On Linux production environment, the most commonly used set of "AWK" skills

hi, Hello, everyone, little sister the taste of the most useful series ended. I remember a lot of forwards, point like oh.

The most useful series:

"On Linux production environment, the most commonly used set of" vim "skills"

"On Linux production environment, the most commonly used set of" Sed "skills"

"On Linux production environment, the most commonly used set of" AWK "skills"

"" Sed "advanced features: my little head around almost fainted."

Software name dare to do with their name, have a very strong self-confidence. For example, Yin language or something.

awkThe name is derived from its three founders surname initials else, all 80来岁of the grandfather. Of course, there are four combinations: popular GoF design patterns. But for me this game lovers, thought turned out to be the Trinity, it really is disappointing ah.

It is long like C, why so famous, in addition to its powerful features, we just assume that athe letter of it quite early. awkThan sedsimple, it is more like a programming language.

Print a column

Next, the effect of these lines is substantially the same: The first column of the print file.

#Java
System.out.println(aStr.split(" ")[0]);

#Python
print(aString.split(" ")[0])

#cut 命令
cut -d " " -f1   file

#awk命令
awk '{print $1}' file
复制代码

This is probably the most commonly used features of awk: a column in the print file . It's smart to segmentation of your data, whether it is 空格, or TAB, a high probability that you want.

For this csv files, delimited characters are ,. AWK use -Fparameters to specify. 1 and 2 the following code print csv file.

awk -F ","  '{print $1,$2}' file
复制代码

Thus, we can see a fundamental part of awk commands.

General development language, standard array is 0 at the beginning, but awk column $is 1started, and 0refers to the original string.

Network Status Statistics

In this section, the use of some of the network status awk command netstat statistics, look at the basic elements of the awk language. netstat output similar to:

Wherein the Column 6, indicating the network status in the network connections. We first give awk command, look at the statistics.

netstat  -ant | 
awk ' \
    BEGIN{print  "State","Count" }  \
    /^tcp/ \
    { rt[$6]++ } \
    END{  for(i in rt){print i,rt[i]}  }'
复制代码

The output is:

State Count
LAST_ACK 1
LISTEN 64
CLOSE_WAIT 43
ESTABLISHED 719
SYN_SENT 5
TIME_WAIT 146
复制代码

The picture below will be described in detail with the above command, I hope you understand the essence of awk.
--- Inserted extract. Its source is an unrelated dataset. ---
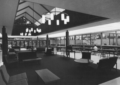 It was Garrison’s design for the Tenzler Memorial Library (1963) in Lakewood that brought him much acclaim. The project received a first place honor award in the 1964 National AIA Library Building award program sponsored by the AIA, the American Library Association and the National Book Committee.

At first glance, a good command scary, but very simple. awk program and we usually are not the same, it is divided into four sections.

1, BEGIN beginning , optional. Used to set parameters, the output number of the header, define some variables. The above command only prints one line of information only.

2, the END end portion , optional. Used to calculate the summary of some logic, or output the content. The above command, using a simple for loop, the output of the contents of the array rt.

3, Pattern matching part , is still optional. To match some lines need to be addressed. The above command line, tcp matches only at the beginning, the other does not enter the process.

. 4, the Action module . The main body of logic, row processing, printing statistics, can be.

important point

1, the main portion awk single quotes' surrounded by double quotes is not 2, index starting awk column is 0, not 1

example

We from a few simple examples, look at the role of awk.

1, Recv-Q output is not recorded 0

netstat -ant | awk '$2 > 0 {print}'
复制代码

2, external network connections, according to the packet ip

netstat -ant | awk '/^tcp/{print $4}' | awk -F: '!/^:/{print $1}' | sort | uniq -c
复制代码

3, physical memory footprint print RSS

top -b -n 1 | awk 'NR>7{rss+=$6}END{print rss}
复制代码

, Filtered (removed) blank line

awk 'NF' file
复制代码

5, print odd-numbered lines

awk 'a=!a' file
复制代码

6, the number of output lines

awk 'END{print NR}' file
复制代码

These commands are required to understand some of the internal variables awk, then we introduce.

Built-in variables

FS

The following two commands are equivalent.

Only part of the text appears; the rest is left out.